The method of claim 1,
The facial feature point extracting unit, the feature point-based emotion recognition unit, and the image patch-based emotion recognition unit use a convolutional neural network (CNN) having a multilayered structure of an input layer/hidden layer/output layer from the input image I, and the facial feature point extracting unit A facial image-based emotion recognition system that extracts N facial feature points including the outline of the eyebrows, eyes, nose and mouth, and chin.

delete

The method of claim 1,
The emotion recognition system
The emotion recognition system using face recognition is built in the server where face recognition DC and facial feature point data according to the emotion state during access management are stored, and the client of a PC or smartphone when face recognition of the camera image is performed in a client/server method.

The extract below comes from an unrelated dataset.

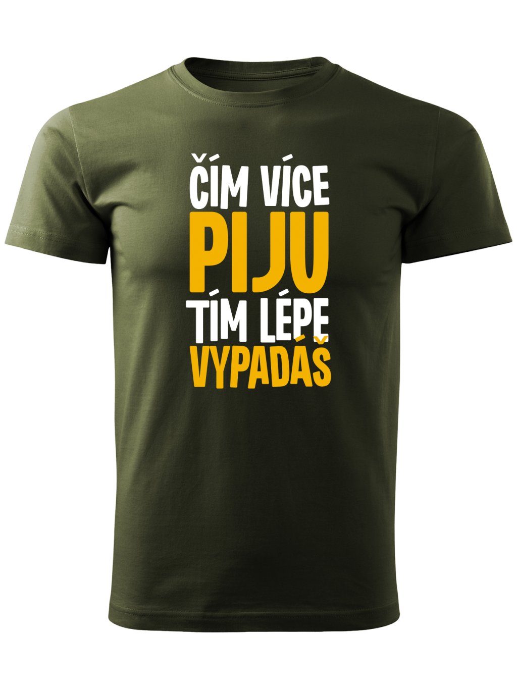 Pánské tričko s potiskem ČÍM VÍCE PIJU, TÍM LÉPE VYPADÁŠ

A facial image-based emotion recognition system that provides a face recognition and the emotion recognition result through a program.

(a) In the emotion recognition system, the face image

Providing a; And
(e) The feature point-based emotion recognition result of each individual face photo according to the emotional state by linking with the face recognition DB from the feature point-based emotion recognition unit and the image patch-based emotion recognition unit to compare with machine learning data

And image patch-based emotion recognition results

and

Is calculated,
this is

Is the index of the emotion with the highest probability

A facial image-based emotion recognition method that is calculated as and outputs the final emotion recognition result of the emotion recognition system.

The method of claim 7,
In the step (a), the facial feature point extraction unit, the feature point-based emotion recognition unit, and the image patch-based emotion recognition unit use a convolutional neural network (CNN) having a multilayered structure of an input layer/hidden layer/output layer from the input image I, and , The facial feature point extracting unit extracts N facial feature points including facial contours, eyebrows and eyes, nose and mouth, and chin.

The method of claim 7,
The face recognition DB stores feature point data of a face photo according to an individual's emotional state according to machine learning, and image patch-based data reconstructed as a window around the coordinates of each feature point of each individual face photo. Image-based emotion recognition method.

The method of claim 7,
The image patch-based data is face recognition data stored in a face recognition DB, respectively, of color images cut out with a window around the coordinates of each feature point of a face photo according to an emotional state, and the window uses a 3x3 window or a 5x5 window. , Face image-based emotion recognition method.

delete

The method of claim 7,
The emotion recognition system
The emotion recognition system using face recognition is built in the server where face recognition DC and facial feature point data according to the emotion state during access management are stored, and the client of a PC or smartphone when face recognition of the camera image is performed in a client/server method. A facial image-based emotion recognition method for providing face recognition and the emotion recognition result by a program.